BEGIN Extracted data
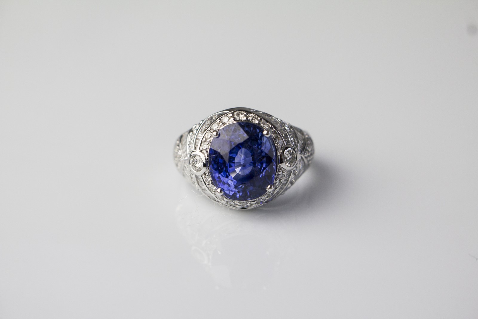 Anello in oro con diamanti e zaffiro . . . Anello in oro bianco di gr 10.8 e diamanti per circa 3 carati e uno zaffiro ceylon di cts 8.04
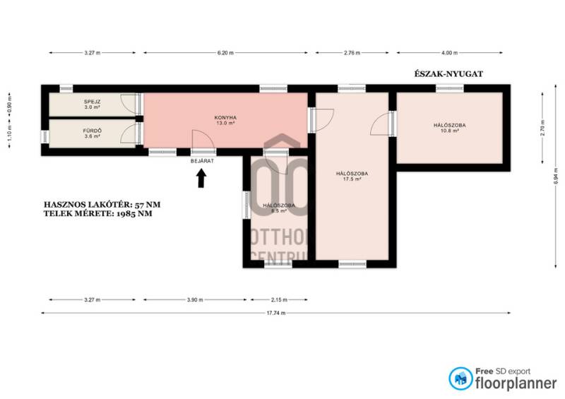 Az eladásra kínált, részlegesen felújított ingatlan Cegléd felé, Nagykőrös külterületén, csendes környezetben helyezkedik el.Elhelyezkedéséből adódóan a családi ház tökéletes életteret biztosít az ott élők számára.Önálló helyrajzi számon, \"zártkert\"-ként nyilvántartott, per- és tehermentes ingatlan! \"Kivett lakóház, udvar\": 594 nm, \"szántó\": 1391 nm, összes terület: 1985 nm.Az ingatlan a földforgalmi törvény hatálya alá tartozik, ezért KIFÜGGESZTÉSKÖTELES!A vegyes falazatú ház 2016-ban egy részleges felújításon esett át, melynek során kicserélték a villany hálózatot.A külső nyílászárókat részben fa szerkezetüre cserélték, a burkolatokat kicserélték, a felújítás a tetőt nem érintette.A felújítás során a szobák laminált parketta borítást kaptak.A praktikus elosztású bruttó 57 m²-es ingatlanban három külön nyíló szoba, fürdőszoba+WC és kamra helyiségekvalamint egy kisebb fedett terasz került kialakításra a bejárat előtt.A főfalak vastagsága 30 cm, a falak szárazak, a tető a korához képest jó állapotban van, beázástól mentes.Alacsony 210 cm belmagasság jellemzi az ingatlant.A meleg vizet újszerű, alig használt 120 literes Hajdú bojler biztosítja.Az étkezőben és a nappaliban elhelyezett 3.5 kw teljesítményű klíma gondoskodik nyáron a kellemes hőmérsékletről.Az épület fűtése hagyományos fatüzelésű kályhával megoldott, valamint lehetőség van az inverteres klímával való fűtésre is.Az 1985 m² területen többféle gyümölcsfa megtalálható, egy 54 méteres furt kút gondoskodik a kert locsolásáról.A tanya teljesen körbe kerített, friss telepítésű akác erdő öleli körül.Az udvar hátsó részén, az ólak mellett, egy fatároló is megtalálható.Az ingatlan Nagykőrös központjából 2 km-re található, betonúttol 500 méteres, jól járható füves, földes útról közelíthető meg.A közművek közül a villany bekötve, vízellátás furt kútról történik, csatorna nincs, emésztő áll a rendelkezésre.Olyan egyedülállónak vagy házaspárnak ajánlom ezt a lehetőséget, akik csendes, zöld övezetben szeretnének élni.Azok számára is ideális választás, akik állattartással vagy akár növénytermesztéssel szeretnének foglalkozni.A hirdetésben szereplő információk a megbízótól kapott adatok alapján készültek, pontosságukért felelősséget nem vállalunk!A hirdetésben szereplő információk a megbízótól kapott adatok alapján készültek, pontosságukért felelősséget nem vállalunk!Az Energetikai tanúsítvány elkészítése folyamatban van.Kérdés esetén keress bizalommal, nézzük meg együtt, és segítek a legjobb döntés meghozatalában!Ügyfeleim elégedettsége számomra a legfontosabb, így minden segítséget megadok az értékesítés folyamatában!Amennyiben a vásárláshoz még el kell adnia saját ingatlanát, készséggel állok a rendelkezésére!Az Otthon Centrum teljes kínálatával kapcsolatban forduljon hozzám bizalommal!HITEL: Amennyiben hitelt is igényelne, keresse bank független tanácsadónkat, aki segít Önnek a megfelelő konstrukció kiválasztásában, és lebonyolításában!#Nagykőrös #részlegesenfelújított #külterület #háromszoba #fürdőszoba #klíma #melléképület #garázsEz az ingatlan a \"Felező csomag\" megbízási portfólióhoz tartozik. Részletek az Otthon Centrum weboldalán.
END Extracted data
BEGIN Extracted data
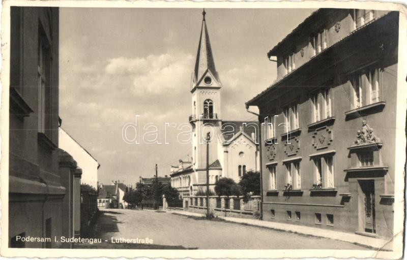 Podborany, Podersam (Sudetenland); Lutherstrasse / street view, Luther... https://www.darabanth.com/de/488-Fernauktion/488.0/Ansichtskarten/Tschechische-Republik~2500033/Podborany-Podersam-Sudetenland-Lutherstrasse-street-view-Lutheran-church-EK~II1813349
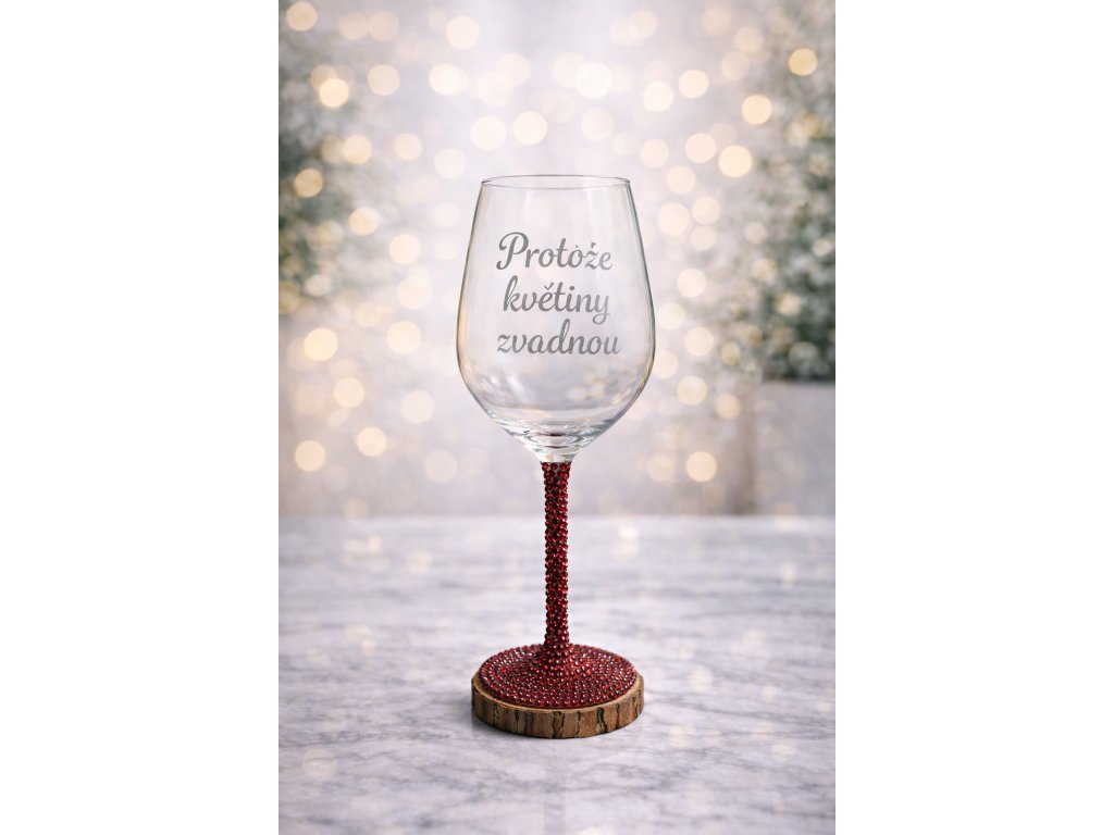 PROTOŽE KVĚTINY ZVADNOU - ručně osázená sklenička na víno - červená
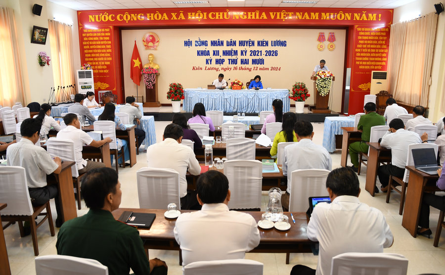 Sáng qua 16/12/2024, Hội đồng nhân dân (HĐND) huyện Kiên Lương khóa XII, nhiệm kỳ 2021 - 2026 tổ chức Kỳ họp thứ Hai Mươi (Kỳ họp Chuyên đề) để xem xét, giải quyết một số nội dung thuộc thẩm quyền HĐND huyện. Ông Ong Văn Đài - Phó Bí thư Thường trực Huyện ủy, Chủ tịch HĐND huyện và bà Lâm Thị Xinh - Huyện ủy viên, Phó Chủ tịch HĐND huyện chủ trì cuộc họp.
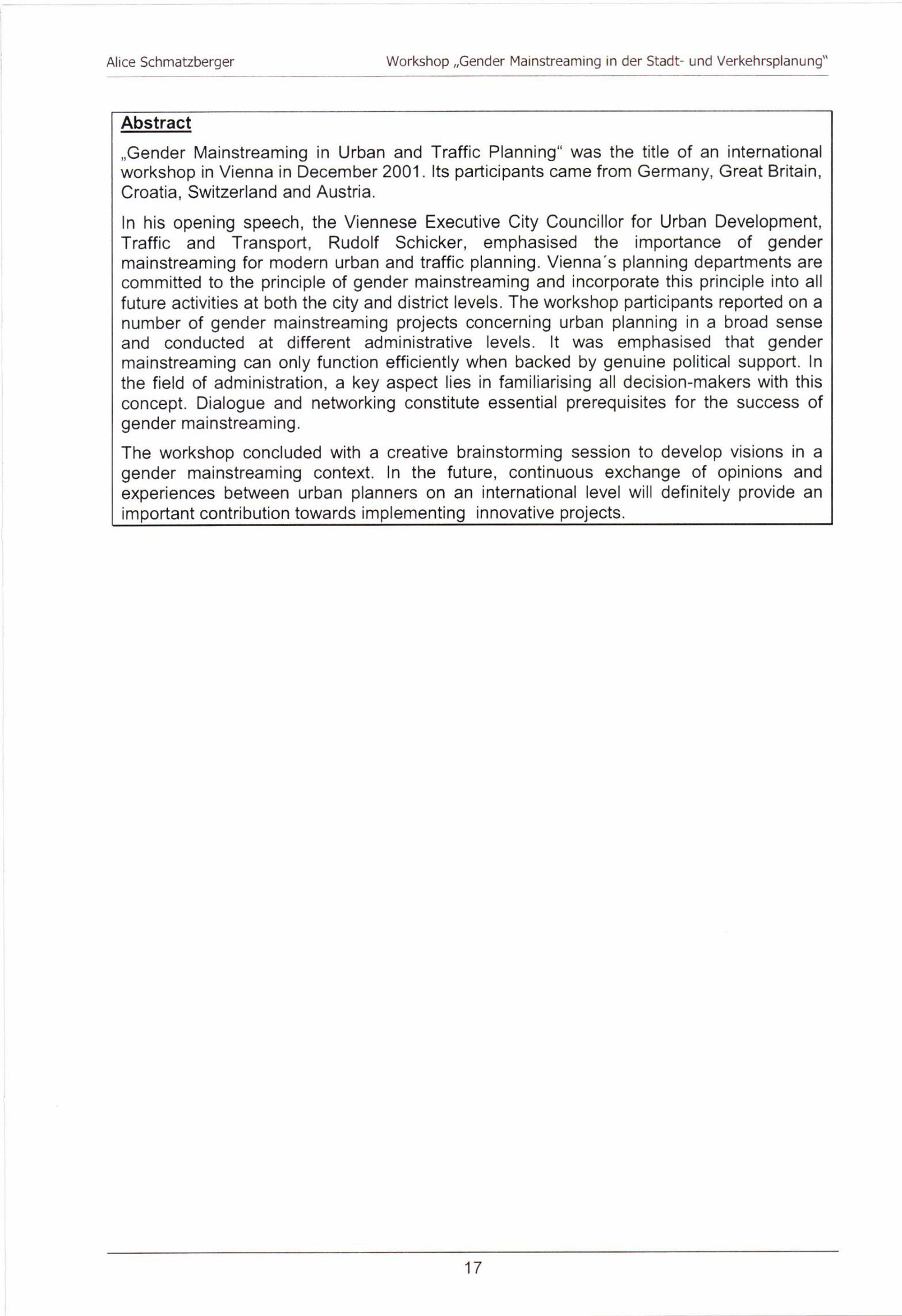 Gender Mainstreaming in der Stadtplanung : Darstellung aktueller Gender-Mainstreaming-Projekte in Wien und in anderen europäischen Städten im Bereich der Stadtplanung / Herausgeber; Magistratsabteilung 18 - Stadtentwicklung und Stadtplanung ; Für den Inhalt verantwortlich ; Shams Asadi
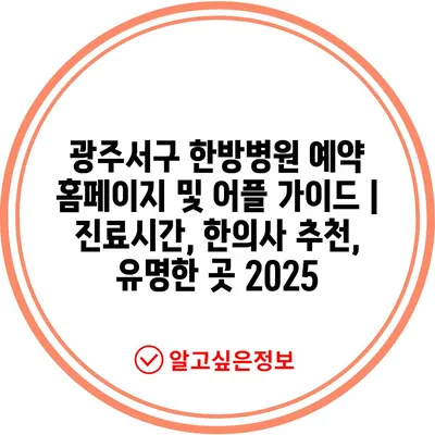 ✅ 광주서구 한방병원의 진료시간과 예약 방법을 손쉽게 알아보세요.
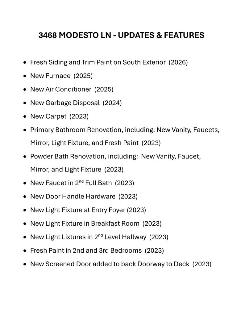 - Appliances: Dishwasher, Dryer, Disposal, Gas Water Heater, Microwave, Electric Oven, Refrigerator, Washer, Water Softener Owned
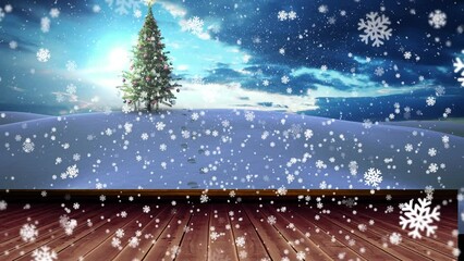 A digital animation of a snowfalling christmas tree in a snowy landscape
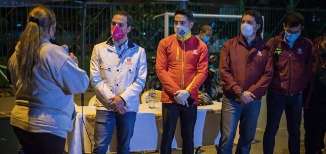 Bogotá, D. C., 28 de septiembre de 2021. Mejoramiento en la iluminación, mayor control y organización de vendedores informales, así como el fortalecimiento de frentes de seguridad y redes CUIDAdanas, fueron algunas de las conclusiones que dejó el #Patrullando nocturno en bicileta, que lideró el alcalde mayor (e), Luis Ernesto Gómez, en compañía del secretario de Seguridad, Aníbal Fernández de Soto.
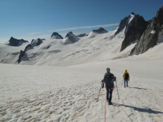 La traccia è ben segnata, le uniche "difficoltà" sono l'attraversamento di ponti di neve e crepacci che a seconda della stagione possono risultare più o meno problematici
END Extracted data
Work request:
The lines above from the line with "방법을 손쉽게 알아보세요." through the line with "La traccia è" are to be given again word for word, with no pictures among them.

Exercise output:
 ✅ 광주서구 한방병원의 진료시간과 예약 방법을 손쉽게 알아보세요.
 - Appliances: Dishwasher, Dryer, Disposal, Gas Water Heater, Microwave, Electric Oven, Refrigerator, Washer, Water Softener Owned
 A digital animation of a snowfalling christmas tree in a snowy landscape
 Bogotá, D. C., 28 de septiembre de 2021. Mejoramiento en la iluminación, mayor control y organización de vendedores informales, así como el fortalecimiento de frentes de seguridad y redes CUIDAdanas, fueron algunas de las conclusiones que dejó el #Patrullando nocturno en bicileta, que lideró el alcalde mayor (e), Luis Ernesto Gómez, en compañía del secretario de Seguridad, Aníbal Fernández de Soto.
 La traccia è ben segnata, le uniche "difficoltà" sono l'attraversamento di ponti di neve e crepacci che a seconda della stagione possono risultare più o meno problematici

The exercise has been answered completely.